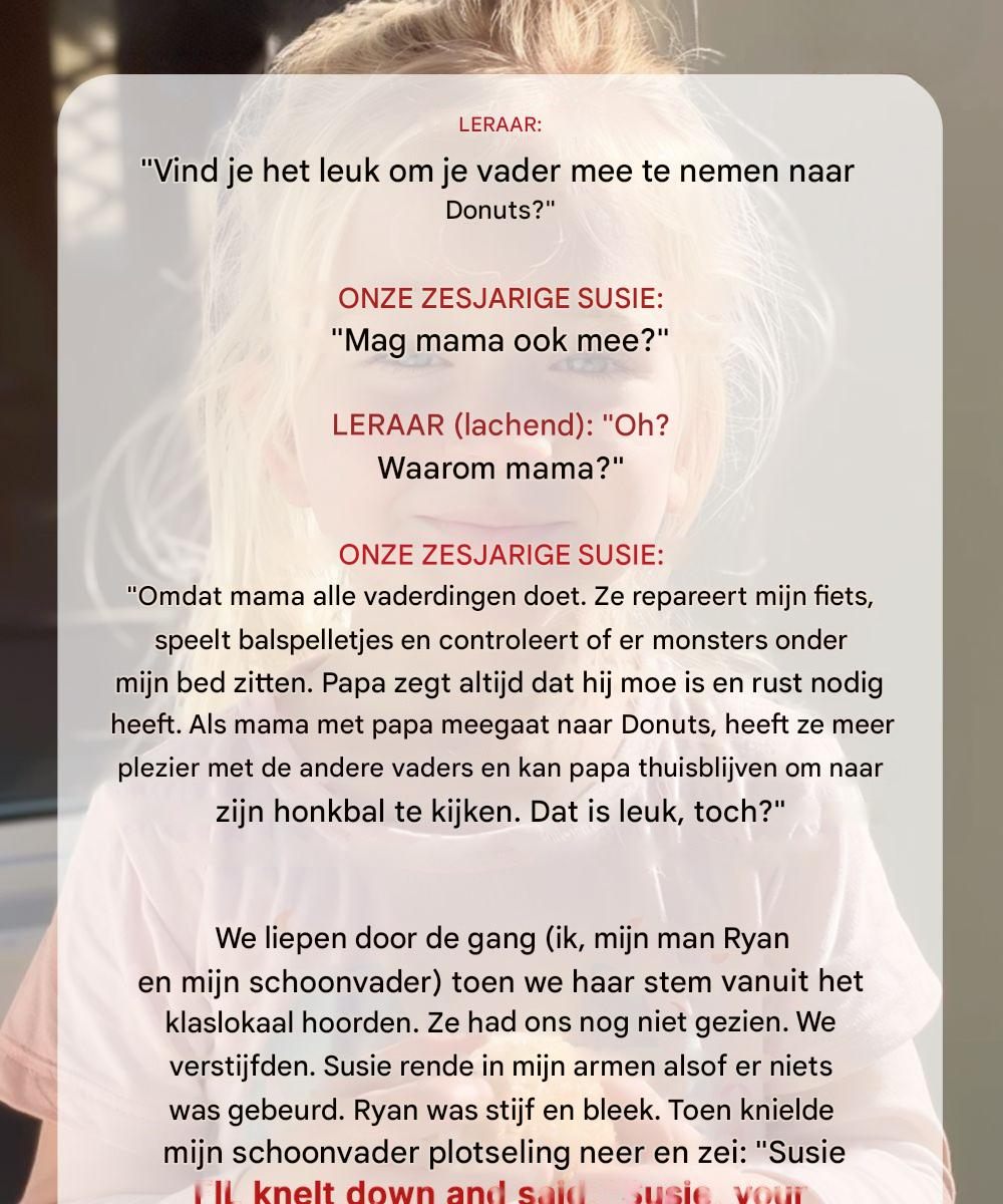 Hij werkte parttime bij het bedrijf. Ik werkte op afstand en liet Susie vaak op mijn schoot zitten tijdens vergaderingen. Ik werd degene die voor alles zorgde: doktersafspraken, haar avondritueel, geschaafde knieën, appels snijden precies zoals Susie het lekker vond. Hij hielp af en toe – misschien met de hond. Ik overtuigde mezelf ervan dat het op de een of andere manier wel goed zou komen.
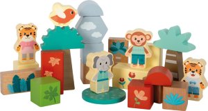 Spousta zábavy se stavěním i poznáváním světa zvířat! Tato barevná 50dílná dřevěná stavebnice vyrobená ze 100% certifikovaného FSC® dřeva přináší do dětského pokoje veselý svět džungle plný zvířecích dobrodružství. Sada potěší různě tvarovanými a potištěnými stavebními kostkami, doplněnými o roztomilé figurky zvířat, jako jsou tygři, pandy, opičky a ptáčci. Díky široké škále tvarů, barev a motivů mohou děti stavět zvířecí krajiny, vysoké věže nebo kreativní scény – fantazii se meze nekladou! Hra s kostkami rozvíjí jemnou motoriku, koordinaci a prostorové myšlení, zatímco zvířecí figurky a potištěné prvky s listy, rostlinami a přírodními motivy inspirují děti k vyprávění vlastních příběhů.Tato stavebnice je nejen krásnou hračkou, ale také vzdělávacím nástrojem, který podporuje kreativitu, představivost a soustředění. Díky velkému podílu přírodního dřeva, kvalitním ilustracím a jemnému barevnému ladění působí přirozeně a esteticky – skvěle zapadne do každého dětského pokoje. Hlavní vlastnosti: kompletní sada z FSC® 100% certifikovaného dřeva50 různých dílků včetně zvířátek a rostlinných motivůdva roztomilí ptáčci jako doplňující figurkykombinace barevných a přírodních kostekpodporuje motoriku, kreativitu a představivostskvěle ladí s dalšími hračkami z řady „Přátelé z džungle" Značka a certifikát FSC® (Forest Stewardship Council) zaručuje, že dřevo, ze kterého byl produkt vyroben, nebylo vytěženo nelegálně a pochází z lesů obhospodařovaných šetrným či přírodě blízkým způsobem, ve kterém jsou dodržovány přísné environmentální a sociální požadavky. Značka FSC® na výrobku znamená, že svým nákupem pomáháte chránit lesy a podporujete šetrné, odpovědné či přírodě blízké hospodaření, díky kterému jsou naše lesy stabilnější, zdravější, mají přirozenou druhovou skladbu a lépe odolávají negativním následkům klimatických změn.
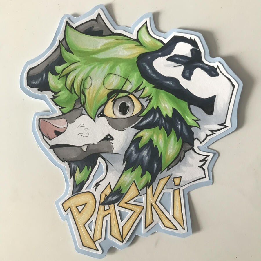 CURRENTLY UNAVAILABLE - A laminated badge about the size of a hand, completed with alcohol markers and pencils. Text can be custom or removed.
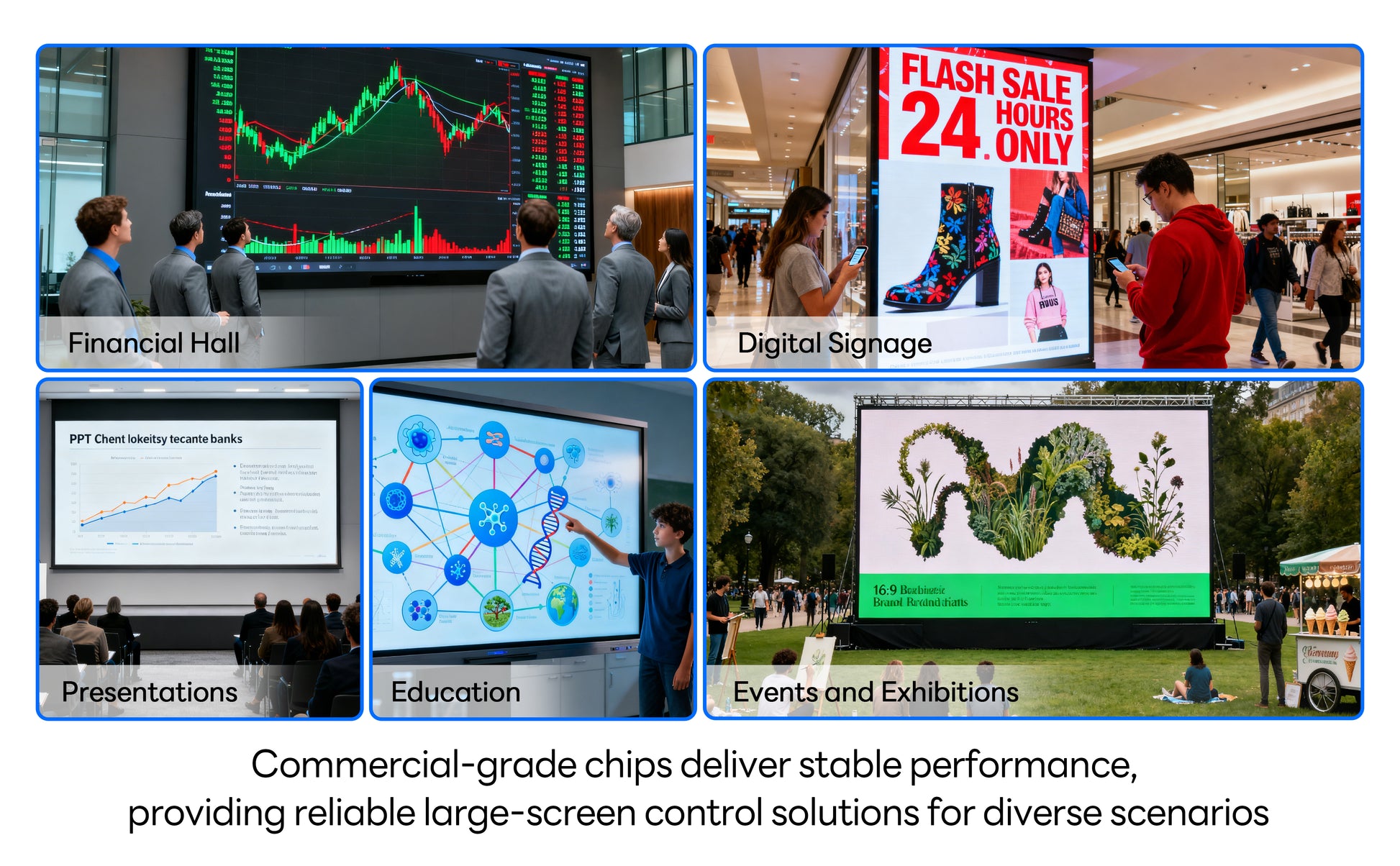 Designed for transmitting pristine 4K@60Hz signals, this 1x4 controller faithfully preserves image quality from HDMI 2.0 and DP 1.2 sources down to every screen. Whether displaying real‑time data, financial charts, or high‑definition advertisements, it eliminates compression and blur. Switch instantly among 8 professional layouts (e.g., 2x2, 1x4) with one click—making it the reliable core for mission‑critical video walls in trading floors, multi‑screen presentations, and digital signage. Multi‑unit cascading capability also enables easy expansion to higher‑resolution systems such as 8K
☆ ☆ ☆ ☆
**Instructions for the task**
Each line from the one containing "CURRENTLY UNAVAILABLE - A" through the last line of the data should be written out exactly. Skip the pictures, and add no other lines.

**Output for this task**
 CURRENTLY UNAVAILABLE - A laminated badge about the size of a hand, completed with alcohol markers and pencils. Text can be custom or removed.
 Designed for transmitting pristine 4K@60Hz signals, this 1x4 controller faithfully preserves image quality from HDMI 2.0 and DP 1.2 sources down to every screen. Whether displaying real‑time data, financial charts, or high‑definition advertisements, it eliminates compression and blur. Switch instantly among 8 professional layouts (e.g., 2x2, 1x4) with one click—making it the reliable core for mission‑critical video walls in trading floors, multi‑screen presentations, and digital signage. Multi‑unit cascading capability also enables easy expansion to higher‑resolution systems such as 8K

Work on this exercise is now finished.